My life since AMIGOS has felt like a dream. I keep expecting to wake up back in Costa Rica. As I've been applying to colleges, I've had many chances to reflect on my experiences thanks to college application essays. The following essay I wrote as part of my application to the Westminster Honors College. The prompt was: Discuss the most interesting conversation you have had in the last year. What made it so interesting? Let me know what you think.
On July 16th at around 7pm I wandered out of my small room in search of food and companionship. I had just finished writing a letter home to my mother in Salt Lake City about my experiences that week in Costa Rica. The sky was beginning to darken through the window, and the house was strangely quiet for that time of day. Usually my host father would have arrived home. My host mother, Mirna, would be cooking dinner and the smell would permeate the house and flood through the cracks in my bedroom door. My host brother would be watching the World Cup or playing video games. My footsteps seemed to echo off the stairs and rebound through the small house that was strangely silent.

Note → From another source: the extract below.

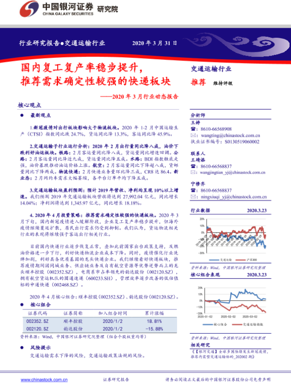 交通运输 复工复产 快递板块 新冠疫情 物流

The lights were off in the main living area, the only light fading quickly out the window. The TV was on, but instead of the usual soccer, a telenovela was playing quietly. Mirna sat on the couch looking strangely exhausted. I don’t think I have ever seen her lacking energy before or after this moment. She continues to be the most sprightly 63 year old I know, but at that moment I realized she was human. Despite her neverending cooking and cleaning and exercicios and church activities that never seemed to tire her before, she too occasionally becomes overwhelmed by the world and living. I felt a closer connection to her in that moment than any other time. In that moment my tired spirit connected with hers, and I understood her completely.
Of course the second she saw me she perked up, the light returned to her eyes, and she immediately offered to cook me food. I think she had forgotten I was there. I could have been offended by that, offended that she had forgotten about me- her temporary daughter, but I chose not to be offended. Instead I realized how transient I was in the lives of my host family. I had only been living there a few weeks, and I would only be living there a few more. There is a chance I will never see them again. Although in my vanity I like to think I affected at least some part of my host family’s lives forever, it is highly likely that many days and months pass where they don’t remember me at all.
After I assured Mirna I wasn’t starving to death and I could wait until her husband arrived home to eat, I sat on the couch next to her and we continued to watch the telenovela. The acting was decent, the plot was questionable, and the religious symbolism was overwhelming- but I don’t believe Mirna watched it for any of those things. I think it was just a way to fill the silence and emptiness of her home. She told me once that before I got there she was very lonely most days, that without me her life was too quiet as she waited every day for her son and husband to come home. I hate to think of her alone in that house in the silence.
The conversation that took place between us as we waited, alone but together, changed my life. The words spoken do not matter, in fact I only remember a few main topics we covered. We discussed the transition from adolescence to adulthood, the importance of experiencing the world in your youth, and our mutual fear of getting older. It was the events leading up to this conversation that helped me become more aware of other people and their experiences. I believe that small moment, when I realized Mirna’s humanity, now allows me to see the humanity in everyone around me. It awakened within me an empathy for others, and even though Mirna probably rarely thinks of me, that conversation causes me to think of her constantly.